Identifier

etd-11122008-171510

Degree

Doctor of Philosophy (PhD)

Department

Mass Communication

Document Type

Dissertation

Abstract

This dissertation explores the ownership of online news content within the broader context of diversity of news sources in the public sphere. The free flow of diverse sources of news and information is critical to democratic governance and public discourse. Research has highlighted the central role the Internet can play in facilitating this discourse and thus contributing to the political process. This research explores the diversity of news online by examining the ownership of news sources online.
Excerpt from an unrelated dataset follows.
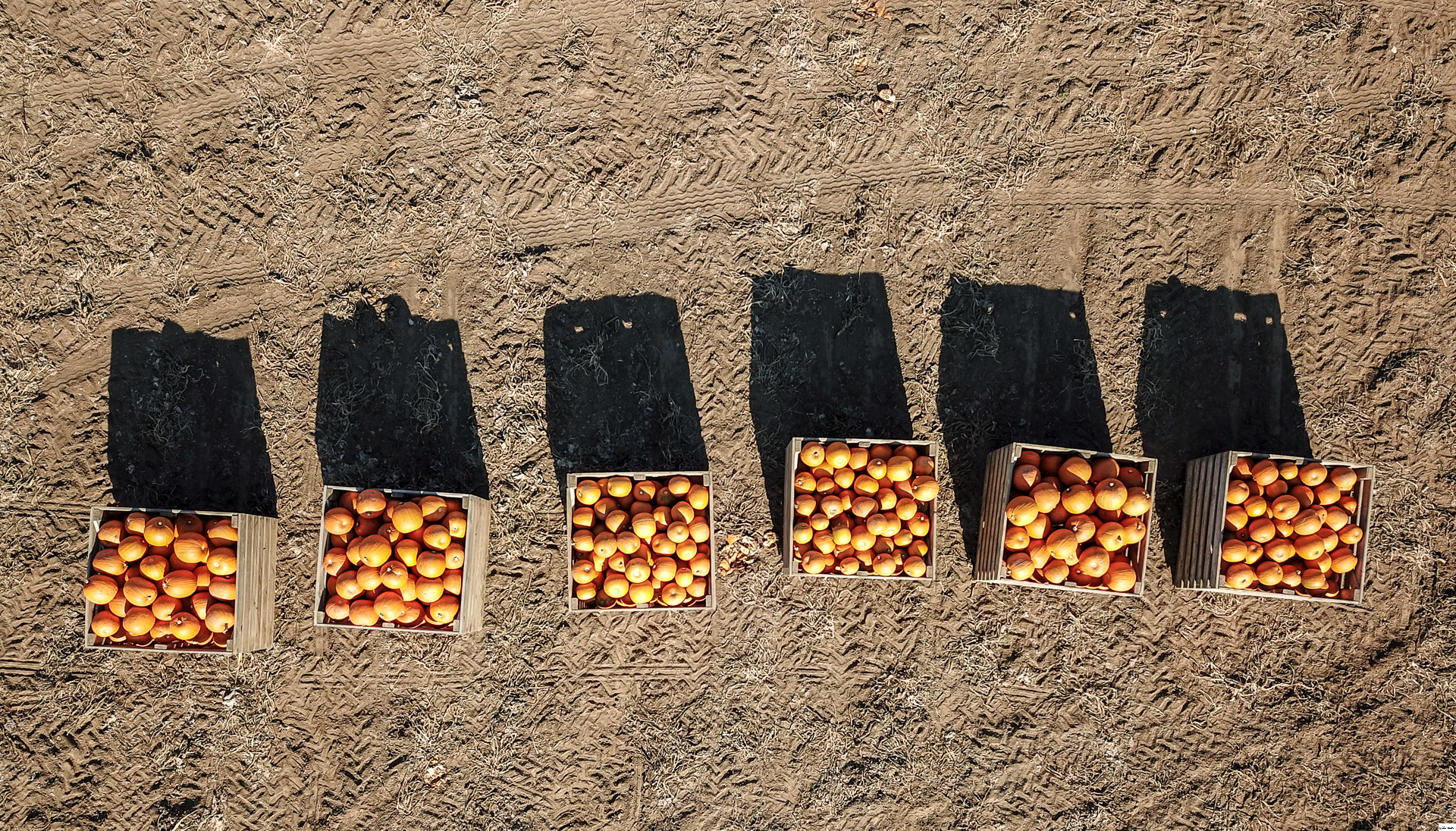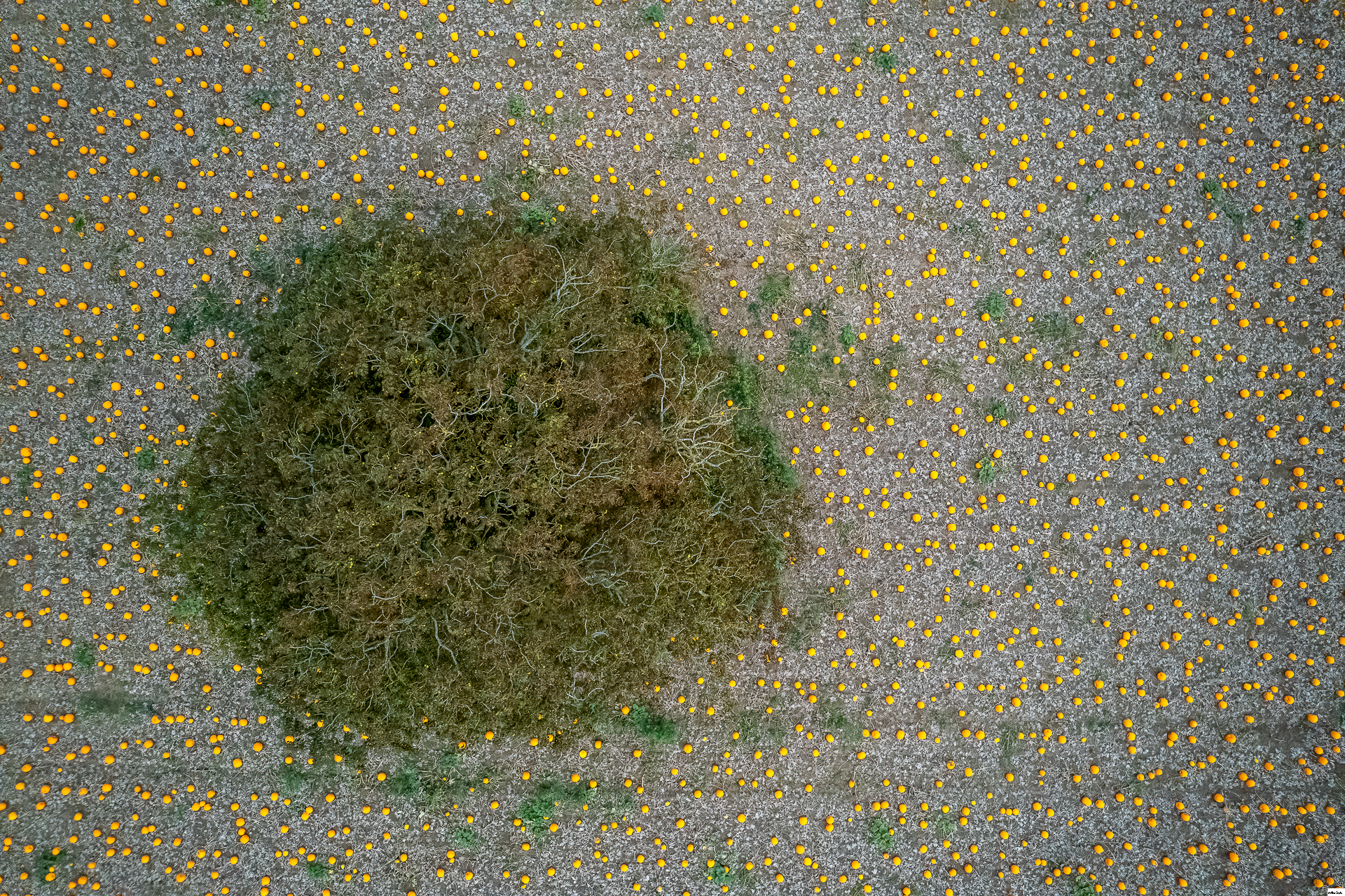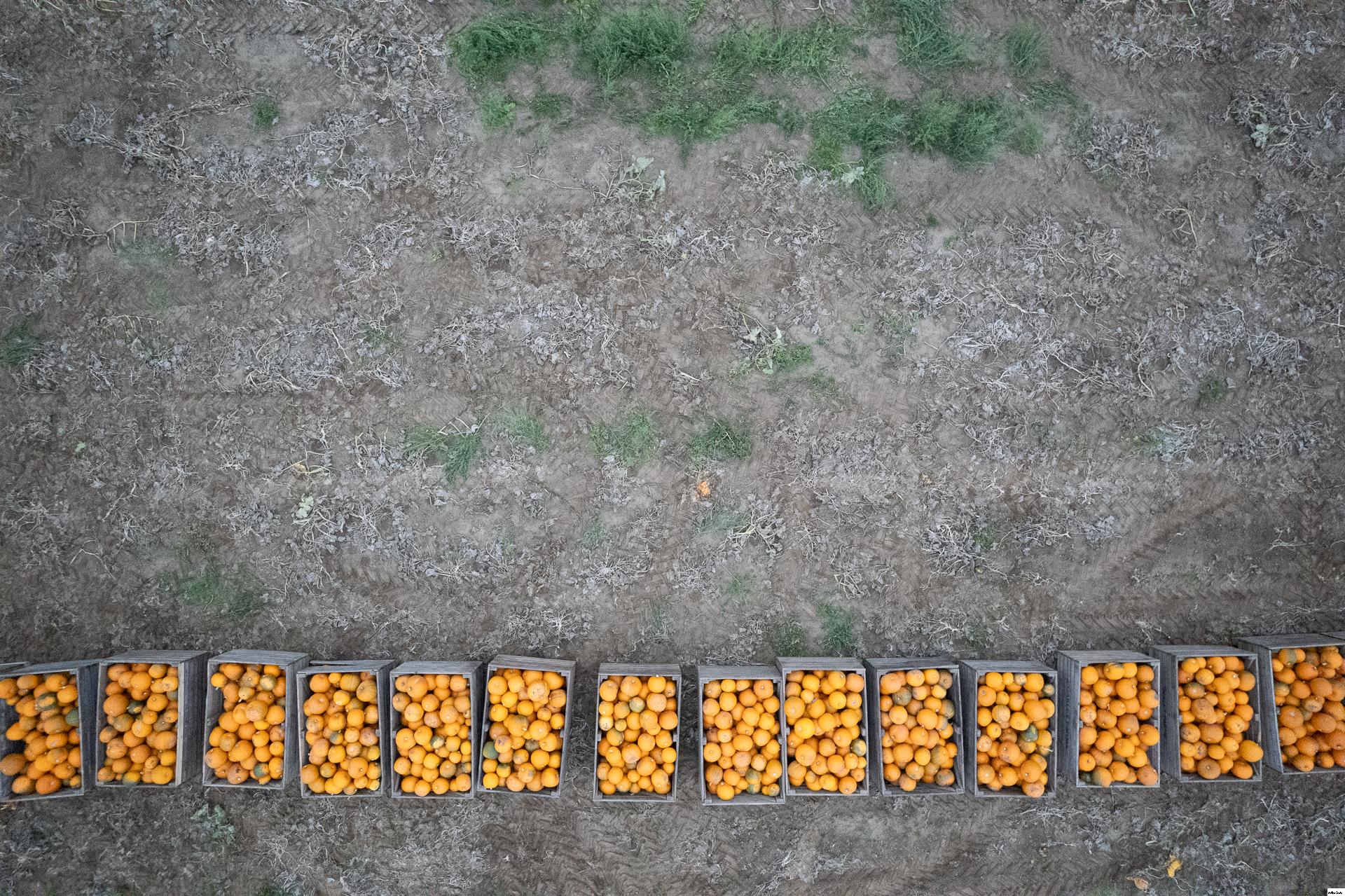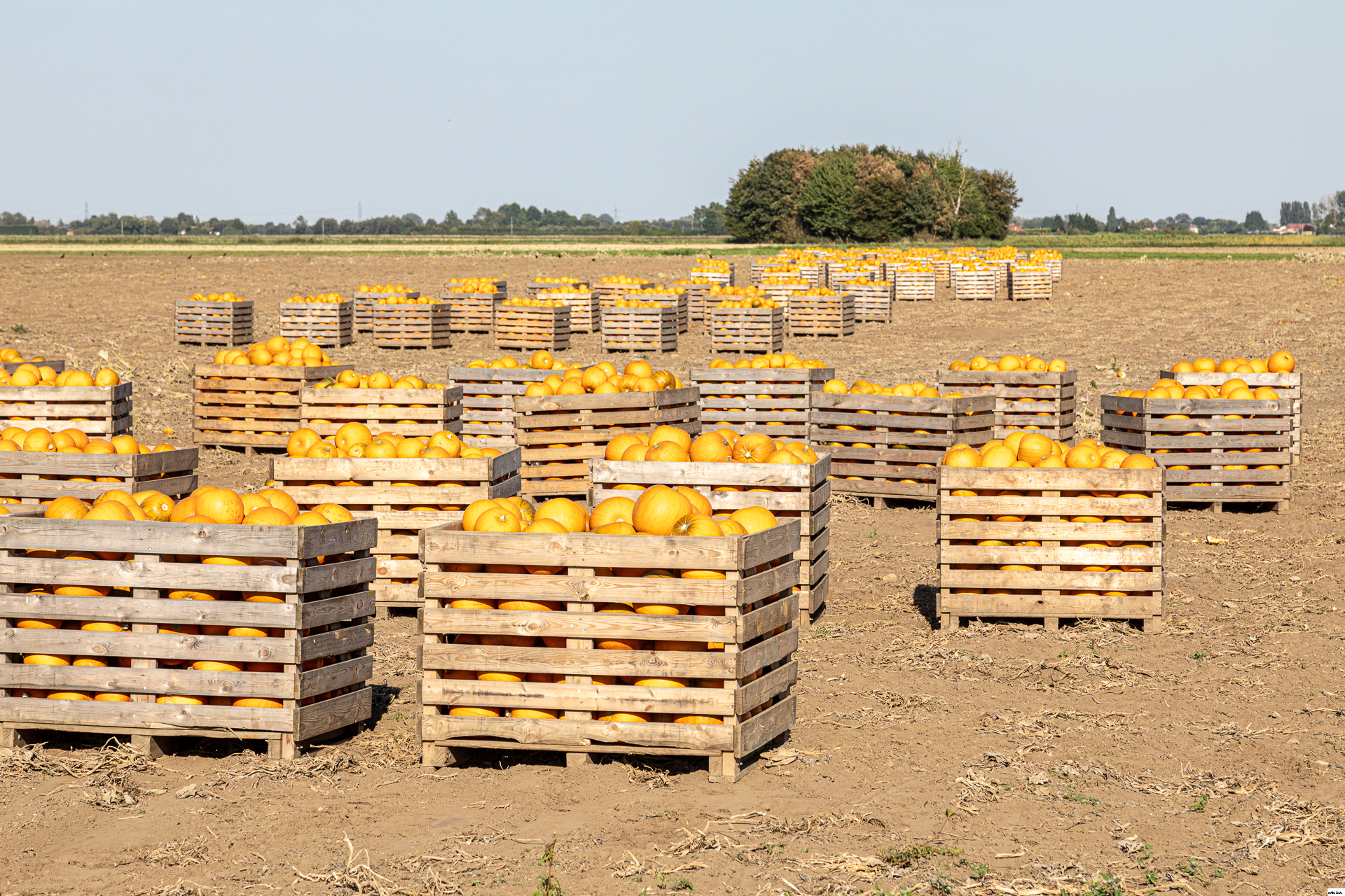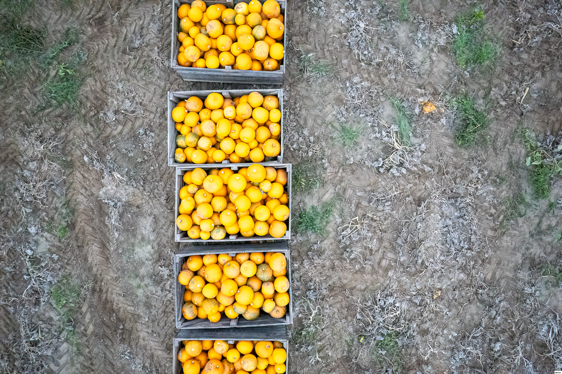 From above, every unharvested field of pumpkins looks different. And it depends on many things – the colour of the soil, how ripe the crop is, whether the plants’ leaves have withered, how many plants didn’t survive to adulthood, the quality of the light on that day etc.

The project uses a qualitative case study approach and basic quantitative methods to conduct analyses of the homepages of News Corporation’s www.FOXNews.com and Yahoo! Inc.’s www.news.yahoo.com. Four key elements are addressed: (1) the commercial imperatives of News Corporation and Yahoo! Inc., as these imperatives relate to the ownership and production of online news content online, (2) the ultimate owners of sources of news content cited on www.FOXNews.com and www.news.yahoo.com, (3) the corporate relationships between News Corporation and the ultimate owners of news content on www.FOXNews.com and between Yahoo! Inc. and the ultimate owners of news content on www.news.yahoo.com, and (4) the types of news content on these Web sites and the organization of the news content on the homepages. Findings indicate that the overall corporate commercial imperatives of News Corporation and Yahoo! Inc. guide the production, aggregation, and distribution of news content on the homepages of www.FOXNews.com and www.news.yahoo.com. International news agencies and a small group of media corporations are dominant as ultimate owners of news content on the homepages of www.FOXNews.com and www.news.yahoo.com. In addition, both News Corporation and Yahoo! Inc., have extensive corporation content sharing relationships with major media companies already dominant in traditional media. The results indicate that media conglomerates already dominant in the production, aggregation, and distribution of traditional media are also dominant online. The ostensibly many brands of news content are, in fact, owned by few ultimate owners. Such ownership gives media corporations enormous power and the potential to influence public discourse on important matters of governance and political life.

Date

2008

Document Availability at the Time of Submission

Release the entire work immediately for access worldwide.